Saturday, December 21, 2024

WEF King to appoint the WEF Prime Minister

Date:

The illusion of democracy can’t even be maintained anymore.

24-OCT-2022: There was an illusion of democracy in the UK but that veil has now been lifted. Even the illusion can no longer be maintained. We knew that the left wing and right wing were part of the same bird but now the bird has been revealed. Obviously not enough people even care about the illusion of democracy any more, so that can now be disposed with.
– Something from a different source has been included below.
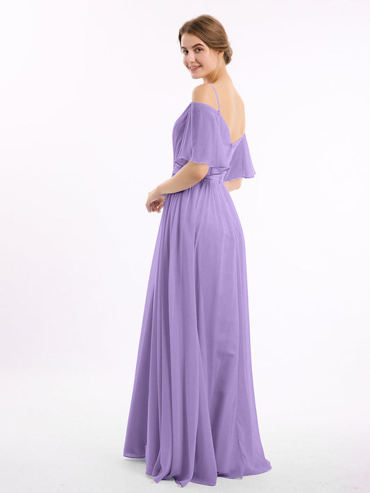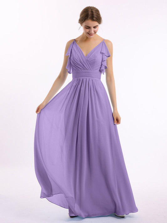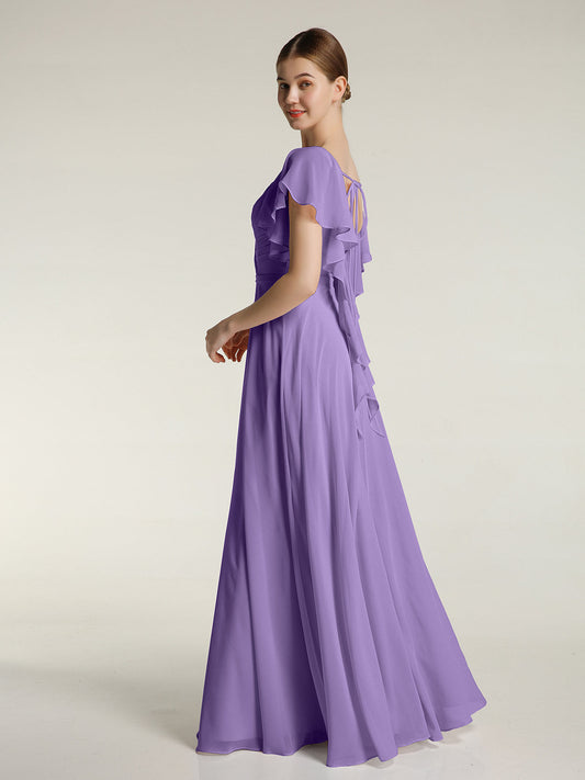 Babaroni RosaVestidos largos de dama de honor de chiffon con escote en Y y mangas de volantes Tahití

Last month, King Charles III took over the reigns when Queen Elizabeth II died. As most people know, Charles has close connections with the World Economic Forum and launched their ‘Great Reset’ early on in the pandemic, ‘a golden opportunity to seize something good from this crisis’, he said. In almost threatening language, he said, “unless we take the action necessary and build in a greener and more inclusive and sustainable way, then we will have more and more pandemics”.

But apparently having a WEF King wasn’t enough. It was clear that the globalists wanted a WEF Prime Minister as well. The UK had obviously not been following the correct path, maybe due to Brexit, maybe due to removing Covid restrictions early, who knows.

Boris Johnson had been removed and now was the perfect chance to get a true Internationalist in place. In Elite circles, Rishi Sunak was going to walk into power, how could he ever lose to Liz Truss. However, the grass-roots Conservative members had other ideas. With the majority of them being Brexit and Boris fans, they did not want Rishi leading them. 57% of them voted for Liz’s free-market ‘Trussonomics’, many complaining that Rishi, as Chancellor, had got us into the mess we are in in the first place. 

We all know how that turned out. The markets quickly turned on Liz, forcing her to sack her appointed Chancellor. Globalist, Jeremy Hunt, was placed into No.11 Downing Street (the Chancellor’s residence) where he quickly reversed almost all of Liz’s policies and manifesto pledges. In doing so, he undermined her power and there was no way she could stay. 44 days into the job and she was gone.

The markets rejoiced, they could now get their man into No.10. The Pound rose in price and gilt yields dropped, indicating the markets approval. But suddenly a spanner fell into the works. Boris Johnson was going to make a swift comeback and it looked like he was favourite. Bond yields jumped in disgust on the news.

Boris had enough MPs backing him, including a proposer and a seconder and if the vote went to the Conservative members, which it was meant to, he would clearly win. Boris flew back to the UK, from his Caribbean holiday, to begin his revival campaign.

But someone whispered into Boris’ ear and yesterday he announced that he had changed his mind and was no longer going to run for leader. In comical timing, his announcement was released just as the papers were publishing articles from his allies saying how he was definitely going to win and make a great leader.

Boris, for the first time in his career pulled out early (pun intended) and in the national interest.

Markets applauded, gilt yields dropped and the Pound rose.

Which takes us back to Rishi Sunak, who was always intended to take Boris Johnson’s position in the first place. As I type this, Penny Mordaunt, who was the only other contender has, surprise surprise, dropped out. Judging by the previous vote, Conservative members preferred Penny to Rishi. Now, without allowing those members to vote for their leader, Rishi has been installed as Prime Minister. Truly Banana Republic stuff.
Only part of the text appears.